A pressure sensor is preferably arranged on sides of the cylinder chamber of the hydraulic cylinder for the purpose of pressure measurement. It is possible to determine a lowering speed of the hydraulic cylinder (throttle control) depending on the measurement determined by the pressure sensor and depending on a movement of an actuating element (joystick). With this, the hydraulic machine which is connected to the flywheel can be adjusted accordingly.

At least one supply unit in the form of a hydraulic machine is advantageously provided to supply pressurised medium to the consumers. The supply unit is preferably controlled in such a way that, when the energy is returned to the second consumer, a power output of the at least one supply unit is preferably dependent on the energy returned and can preferably be reduced by the amount of the returned energy. The supply unit can be driven for example by way of an electrical drive or an internal combustion engine. A further second supply unit in the form of a hydraulic machine is preferably provided, which can be driven together with the first supply unit in technically simple manner, for example by way of a common drive shaft. In technically simple manner, the supply units are furthermore not continuously pivotable. It is conceivable that the first supply unit is provided for the second consumer and the second supply unit is provided for the first consumer.

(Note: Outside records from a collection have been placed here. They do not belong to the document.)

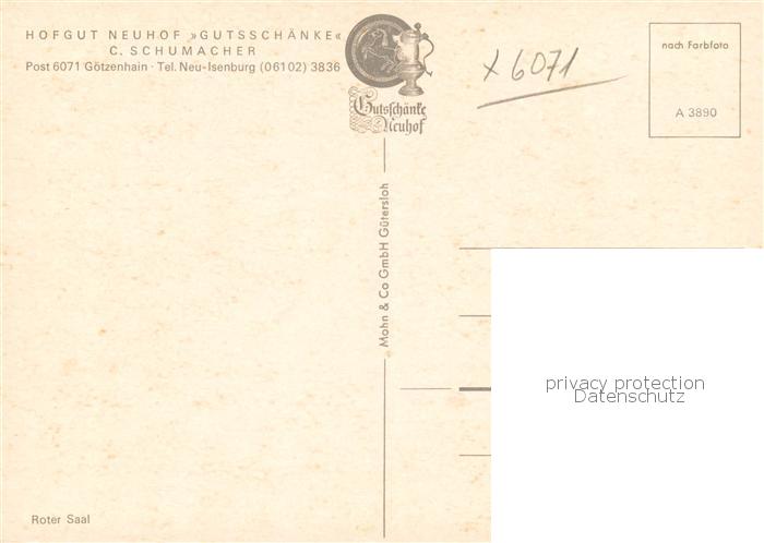 73844763 Goetzenhain Hofgut Neuhof Gutsschaenke Schumacher postalisch nicht gelaufen Erhaltung siehe scans [WerneD78] KatCode: 11110006438002
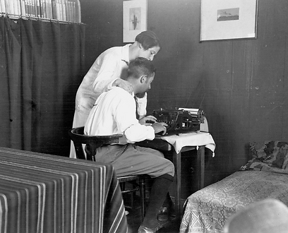 24 רודולף ולוטי ליד מכונת כתיבה. נחלת יעקב, 1926
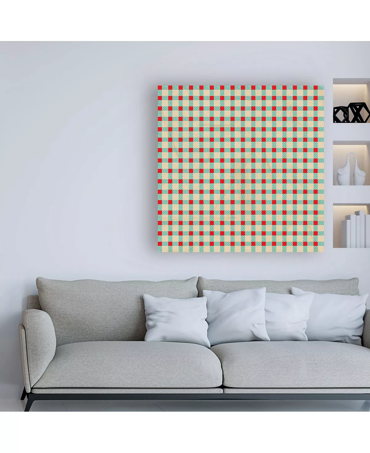 This ready to hang, gallery-wrapped art piece features a vintage, retro, holiday patterned design in red and green. Gallery-wrap is a method of wrapping an artist’s canvas around a hidden, wooden frame allowing for a frameless presentation.
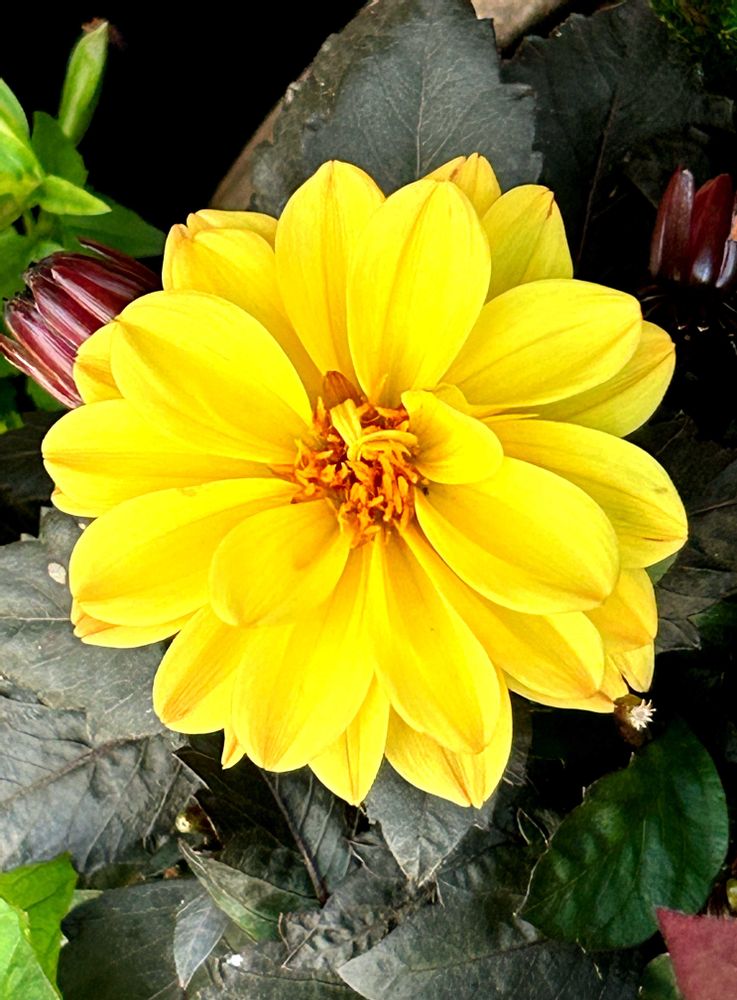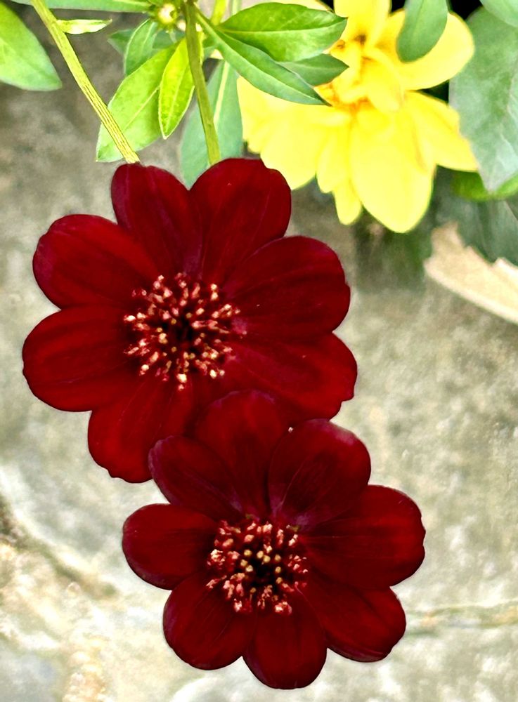 ダリア💛🌿とチョコレートコスモス🤎💜🤎💜🌿

In a further design of the invention, the supply unit or supply units are hydraulic pumps which are proportionally adjustable.

A flow cross-section between a supply unit or both supply units and the second consumer, in particular during the supply of returned energy to the second consumer, can be reduced for example by a throttle element or by a plurality of throttle elements. It is therefore possible not only to reduce the power output of the supply unit or supply units when the energy is returned by the flywheel, but it is also possible to reduce a flow cross-section.

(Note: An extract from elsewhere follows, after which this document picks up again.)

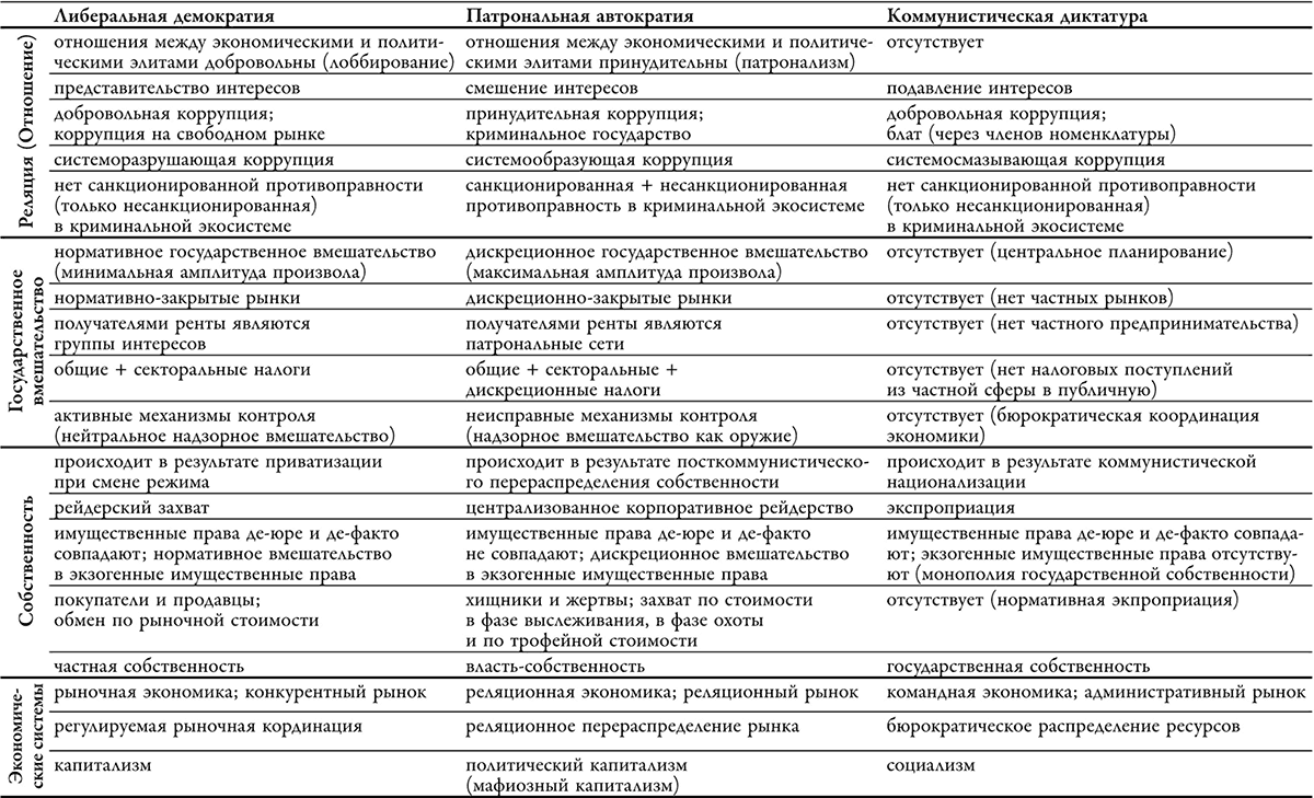 Таблица 5.1: Экономические феномены в трех полярных типах режимов (с названиями частей и глав)

A pivoting-angle sensor and/or a rotational-speed sensor is preferably associated with the hydraulic machine used to return the energy in order to determine an actual delivery rate of the hydraulic machine. It is furthermore possible to provide a rotational-speed sensor for the supply unit or a common rotational-speed sensor or a respective rotational-speed sensor for both supply units. It is moreover possible to provide a pivoting-angle sensor for the supply unit or a respective pivoting-angle sensor for both supply units. It is therefore also possible to determine the actual delivery rate of the supply unit or the supply units.

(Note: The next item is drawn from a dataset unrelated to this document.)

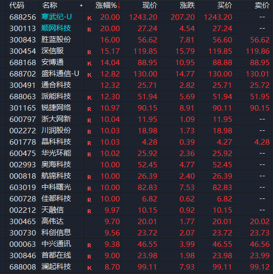 数据中心概念股也集体走强。川润股份、中科曙光、佳都科技、天融信、顺网科技等率先涨停;寒武纪午后也封死涨停板,总市值突破5000亿元,再创历史新高;此外,浙大网新在尾盘直线拉升至涨停,用时不到10分钟。截至收盘,接近20只数据中心概念股涨停或涨超10%。
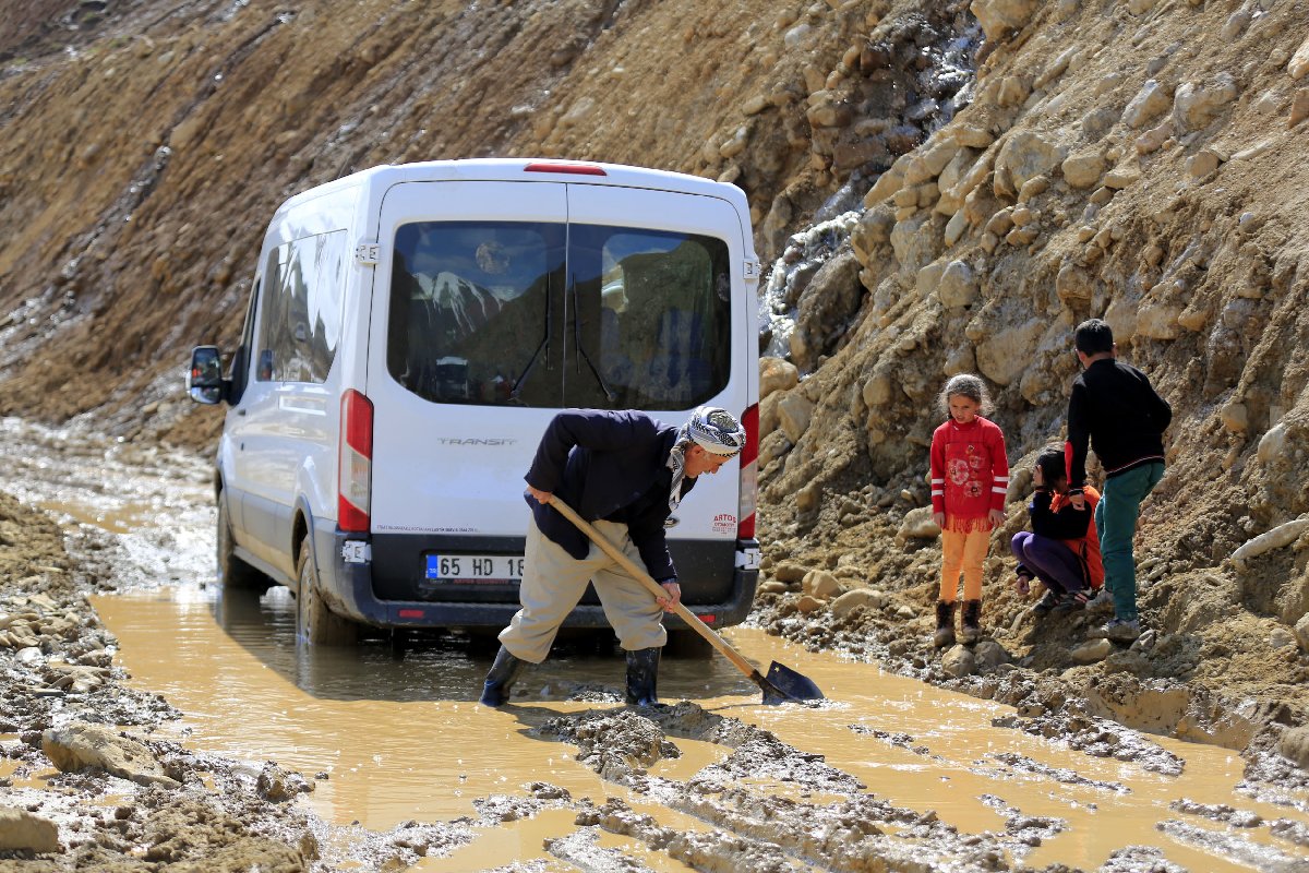 Yüksekova´ya yaklaşık 25 kilometre uzaklıktaki Onbaşılar köyüne bağlı Ağılcık ve Çobanpınar mezralarına giden yolun yapımı, çetin geçen kış şartları nedeniyle yarım kaldı. Havaların ısınması ve yağmurların etkisiyle, yüksek yerlerdeki karlar eridi, akan sular nedeniyle yol çamur deryasına dönüştü.

In a further design of the invention, means can be provided on one hand to use a volume flow of a pressurising medium of the first and/or second consumer when recovering the energy to drive the flywheel and on the other hand to discharge it to a tank, in particular by way of a valve. Therefore, when storing the available energy from the individual consumers, the volume flow of the pressurising medium can be divided according to the system status so that the pressurising medium can be delivered both to the hydraulic machine and, particularly by way of a control block, to the tank.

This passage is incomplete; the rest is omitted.